Kai Erik Niermann
← Back to all posts

A minimal modern deep learning cloud setup

  • ml
  • GCP
  • deep-learning

Overview

This is a setup guide aimed at people new to GCP and a general cloud workflow with GPUs.

Table of contents


GCP VM setup

login and basics

For this we are going to use GCP compute engine VMs specifically with GPUs, starting off here and activate the compute engine API.

You might have to input your payment information but you will most likely get around 300$ in credits which equates to roughly 300 hours of VM usage, so assuming this is your first time using GCP you shouldn't be too worried.

Once you set up everything you should be greeted with a screen similar to this.

screen

It's a bit overwhelming but the two most important things for now are CREATE INSTANCE and the External IP ( which you use to connect to the VM ).

quota check

Before we the instance - since we want to use GPUs - we have to check if our GPU quota (number of GPUs allowed) is >0, since for some reason an issue is that the default is sometimes 0. To check this

  1. Click on the search bar above CREATE INSTANCE
  2. Look for All quotas
  3. In the field Enter property name or value look for Name:GPUs (all regions)
  4. Click the little checkbox next to the name
  5. Click EDIT QUOTAS (top right of the screen)
  6. Type 1 (if you want multiple GPUs then type more)
  7. Hit SUBMIT REQUEST

Visually this looks something like this

screen

creating an instance

Click CREATE INSTANCE

Machine configuration

  1. For Name type whatever you want (I usually just leave the default)
  2. For Region I'd recommend one of the US ones since they tend to have the most availability for GPUs
  3. For Zone it doesn't matter too much (you can leave the default)
  4. For Machine family select GPUs
  5. For GPU type select NVIDIA T4 (this is the cheapest option)
  6. For Number of GPUs select 1 (you can select more if you want but this is the cheapest option)
  7. For Machine type you can either select a preset or customize it, I'd recommend at least 4 cores and 15GB of RAM

Boot disk

  1. Click CHANGE
  2. For Operating system select Deep Learning on Linux
  3. For Version select the latest one with CUDA
  4. For Size (GB) I'd recommend at least 100GB

Identity and API access

  1. For Service account select Compute Engine default service account
  2. For Access scopes select Allow full access to all Cloud APIs

Firewall

  1. Check Allow HTTP traffic
  2. Check Allow HTTPS traffic

Then click CREATE

connecting to your VM

Once your VM is created you can connect to it by clicking the SSH button next to the VM name.
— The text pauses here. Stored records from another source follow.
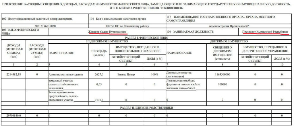 Unda qayd etilishicha, prezident Sadir Japarovning daromadi 2,2 mln somni (taxminan $25,3 ming) tashkil etgan. Xarajatlar aniq ko‘rsatilmagan.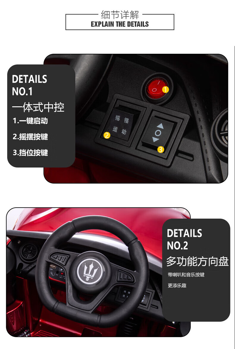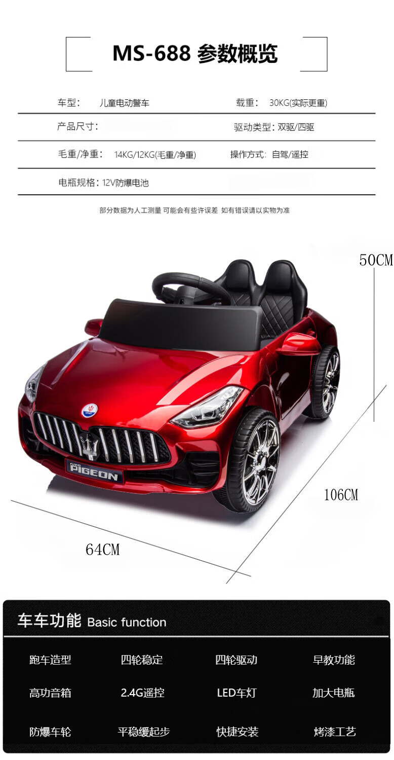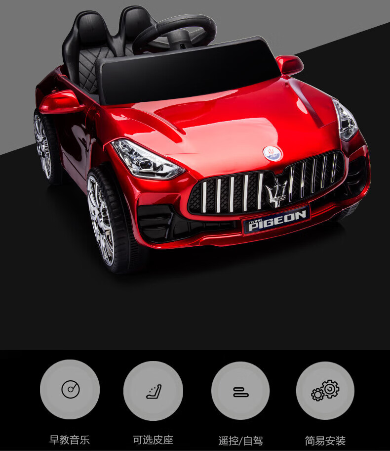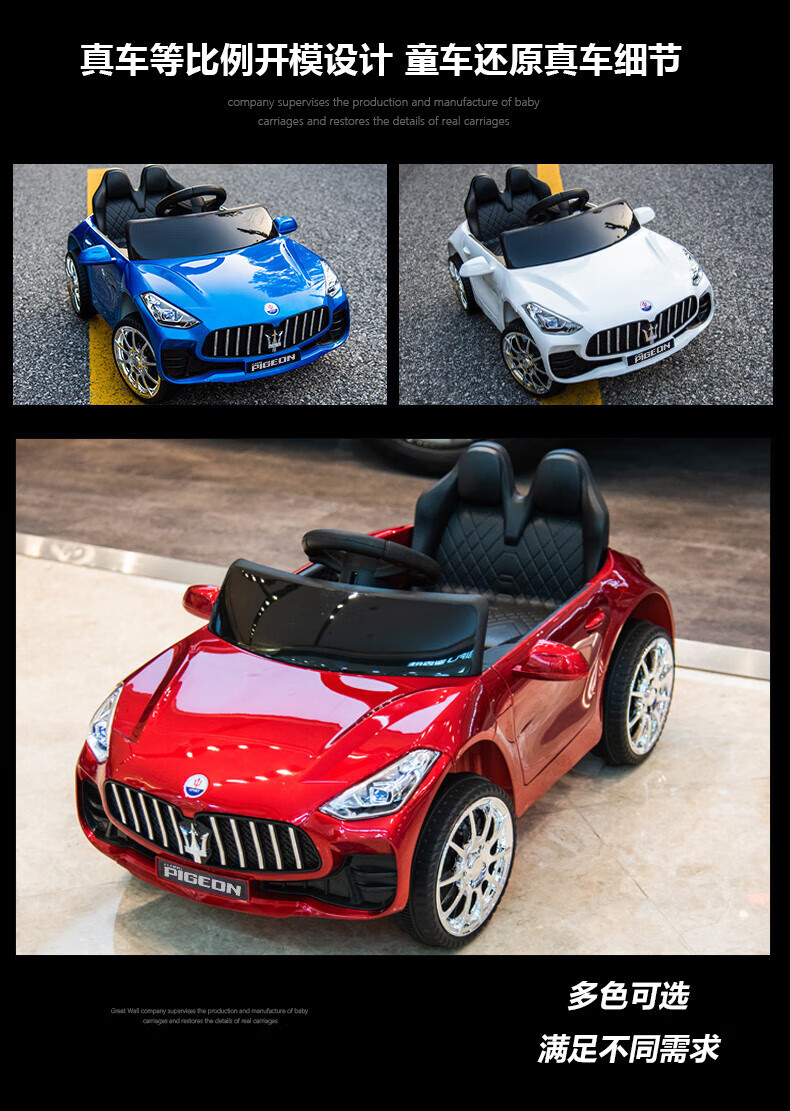 Children's electric car four-wheel car remote control toy car child can sit large baby stroller rechargeable white bluetooth music swing remote control self-driving anti-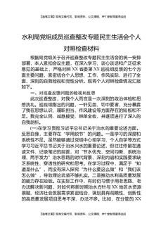 水利局党组成员巡查整改专题民主生活会个人对照检查材料.docx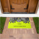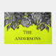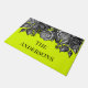 Ce tapis de bienvenue cool est prêt à être personnalisé avec le nom de votre famille ou tout texte que vous voulez. Ce tapis de porte présente des illustrations de roses noires et blanches dans un style de gravure antique contre un arrière - plan de couleur vert citron électrique.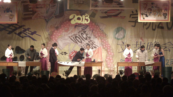 伴随着一场动漫人物大乱斗的Cosplay表演中,晚会正式拉开了序幕。动漫人物逼真的造型以及绚丽的服装让全场观众在开场就迎来了第一次小高潮。随后,动漫学院副院长朱诵贵为晚会致开幕词,“回首2012年,动漫学院取得了硕果累累;展望2013年,动漫学院还要再创辉煌。”激情昂扬的话语,不仅肯定了在过去一年里动漫学院取得的成绩,更点燃了动漫学子的热情,掌声此起彼伏。最后,朱诵贵还为动漫学院的全体师生送上了新年祝福。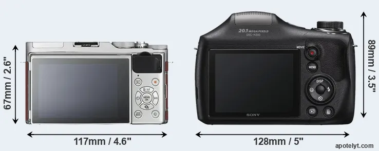 If the front view area (width x height) of the cameras is taken as an aggregate measure of their size, the Sony H300 is considerably larger (45 percent) than the Fujifilm X-A3. In this context, it is worth noting that neither the X-A3 nor the H300 are weather-sealed.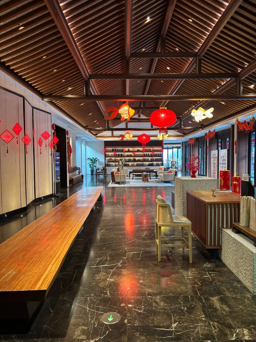 设计美学天花板:巧妙融合了徽派建筑的白墙黛瓦与苏式园林的亭台水榭,一步一景,仿佛住进一座精致的山水园林博物馆。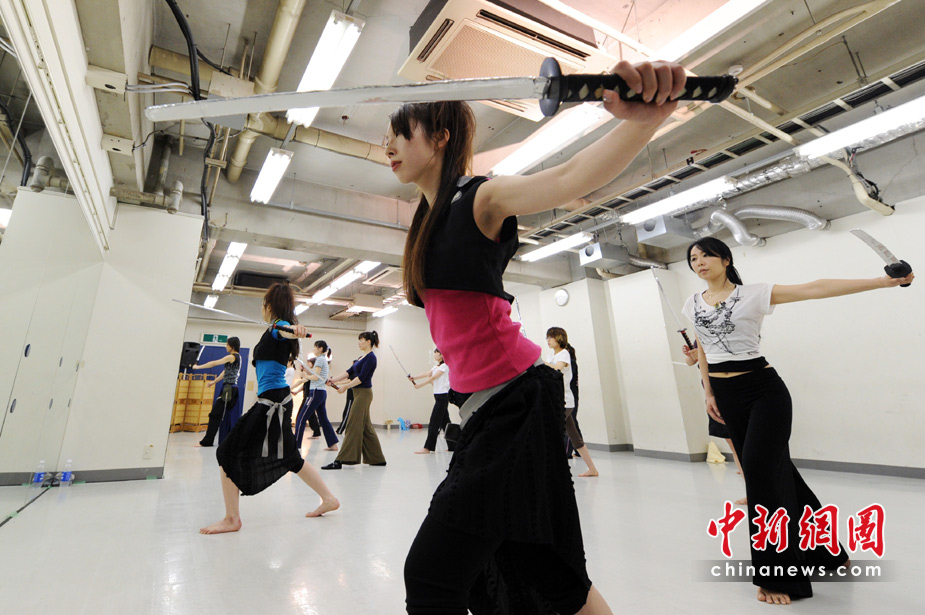 近日,在日本东京,众多白领女性学起了日本传统的武士刀,用来减压。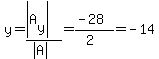 To find the second solution, divide the determinant of A%5By%5D by the determinant of A to get: y=%28abs%28A%5By%5D%29%29%2F%28abs%28A%29%29=%28-28%29%2F%282%29=-14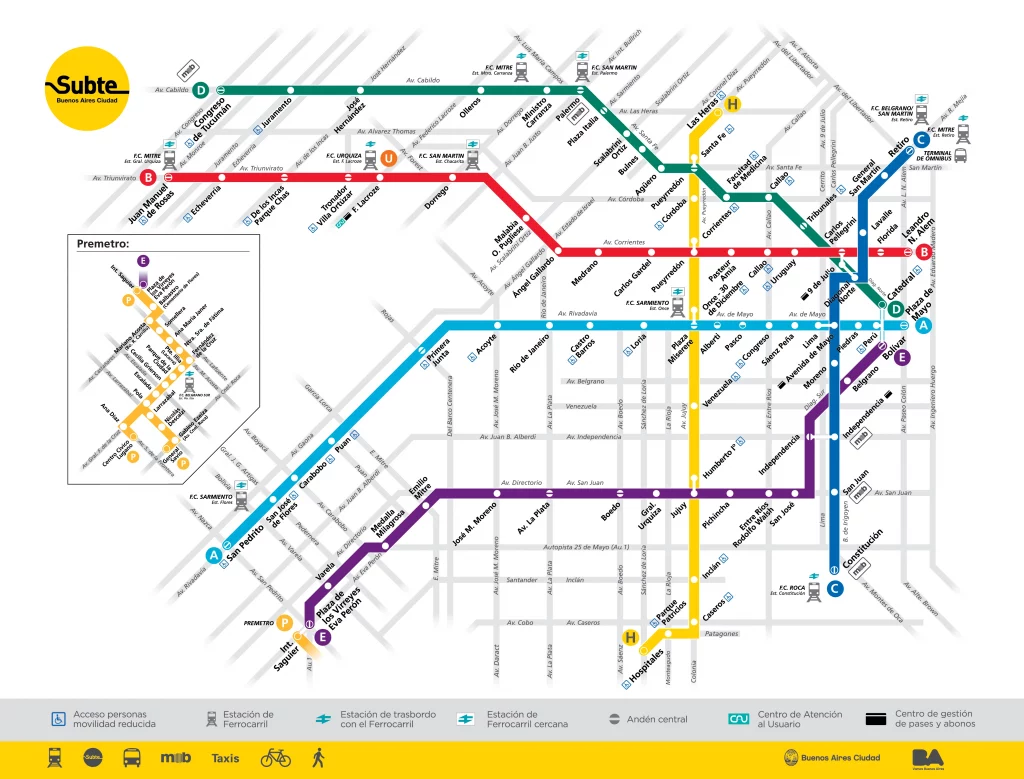 Las líneas de subte son 6. Cinco de ellas recorren la ciudad de Este a Oeste por debajo de las avenidas principales y solo una de ellas lo hace de Norte a Sur (la H). Esta es tu opción ideal si lo que quieres es llegar rápido a destino. Eso sí, trata de evitarlo en las horas pico entre las 8 o 9 de la mañana y las 18 y 19.

This will open a new window with a terminal connected to your VM.

Alternatively you can use the gcloud CLI to connect to your VM. First install the CLI by following the instructions here. Then run the following command:

gcloud compute ssh --zone "YOUR_ZONE" "YOUR_VM_NAME" --project "YOUR_PROJECT_ID"

setting up VSCode remote

If you want to use VSCode to connect to your VM you can use the Remote - SSH extension. First install the extension by clicking here. Then follow these steps:

  1. Press Ctrl+Shift+P and type Remote-SSH: Connect to Host...
  2. Click + Add New SSH Host...
  3. Type YOUR_USERNAME@EXTERNAL_IP where YOUR_USERNAME is your username on the VM and EXTERNAL_IP is the external IP of your VM
  4. Select the SSH config file you want to save the host to
  5. Click Connect

You might need to set up SSH keys first. You can do this by running the following command:

gcloud compute config-ssh

This will add the necessary entries to your SSH config file.